Early in this first term a crisis was reached in the affairs of a large Minnesota life insurance company. Examiners had found mismanagement of a criminal nature. On a statement by Insurance Commissioner O'Brien, the officers of the company were summoned to the capitol by the Governor himself. The tale of their misconduct was related to them and their resignations demanded. They resigned, and a committee of Minneapolis business men, at the Governor's request, took charge of the concern. They arranged a reorganization, under which the company has been restored to public

confidence. One of the officials who resigned is in State prison, and another was convicted, but escaped through the meshes of the law.

Johnson's leadership in the movement for uniform State laws on life insurance has been generally acknowledged, notably in a special message by President Roosevelt to Congress. It was upon Governor Johnson's suggestion to the President that the Commissioner of the District of Columbia called a National meeting of Governors, attorneys-general, and insurance commissioners. This body selected a committee of fifteen, headed by Mr. O'Brien, of Minnesota. The committee's output was a model code of laws regulating life insurance, which has been adopted almost entirely by Minnesota, and with little change by Illinois, Michigan, West Virginia, and North Dakota.

It must not be supposed that Governor Johnson has been the only progressive force in the State since his inauguration. The radical Republicans kave kept pace with him. He has often acknowledged the co-operation of other State officials. Republican members of the Legislature during his first term fought for a two-cent fare law and a reciprocal demurrage law, both of which the Governor recommended at the next session. In the last year there has been a great awakening for law enforcement in the State, resulting in Sunday closing of saloons everywhere. In this movement the Governor was not a necessary factor and had no part.

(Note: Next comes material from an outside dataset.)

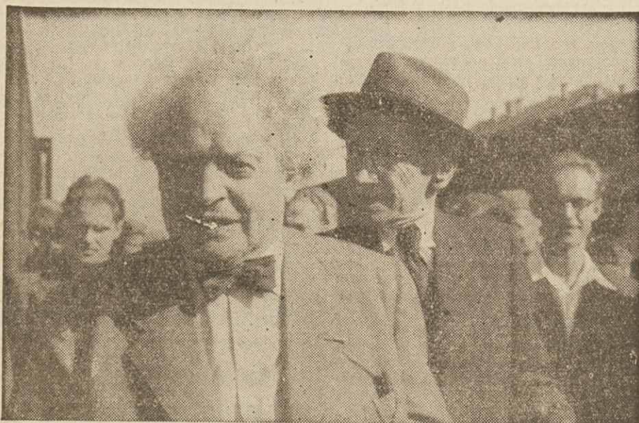
M. A. Nexö ob prihodu v Ljubljano — M. A. Nexö odhaja s kolodvora v spremstvu Otona Župančiča in drugih kulturnikov ter novinarjev

The second State campaign for John A. Johnson was in 1906. The Republicans had difficulty in agreeing on a candidate. The man with largest following in their convention was feared by the corporations, who threw votes to a less "dangerous" man and nominated him.

Though the nominee was not a corporation man, he was branded as such from the start, and the growing radical sentiment in the Republican party was sullenly hostile to him.

Johnson made another whirlwind campaign. He eclipsed his previous record, making 119 speeches in seven weeks, and reaching 78 counties of the State. As in the first campaign, he paid his fare for every mile traveled, and twice when

special trains were required he paid handscmely for them. The entire tour was an ovation, and the outcome was hardly in doubt at any time, yet the result made the most sanguine Johnson men gasp. He polled 168,480 votes to 96,162 for Cole, Republican-a plurality of 72,318. The other Republican candidates were elected by pluralities reaching as high as 84,754 on attorney-general.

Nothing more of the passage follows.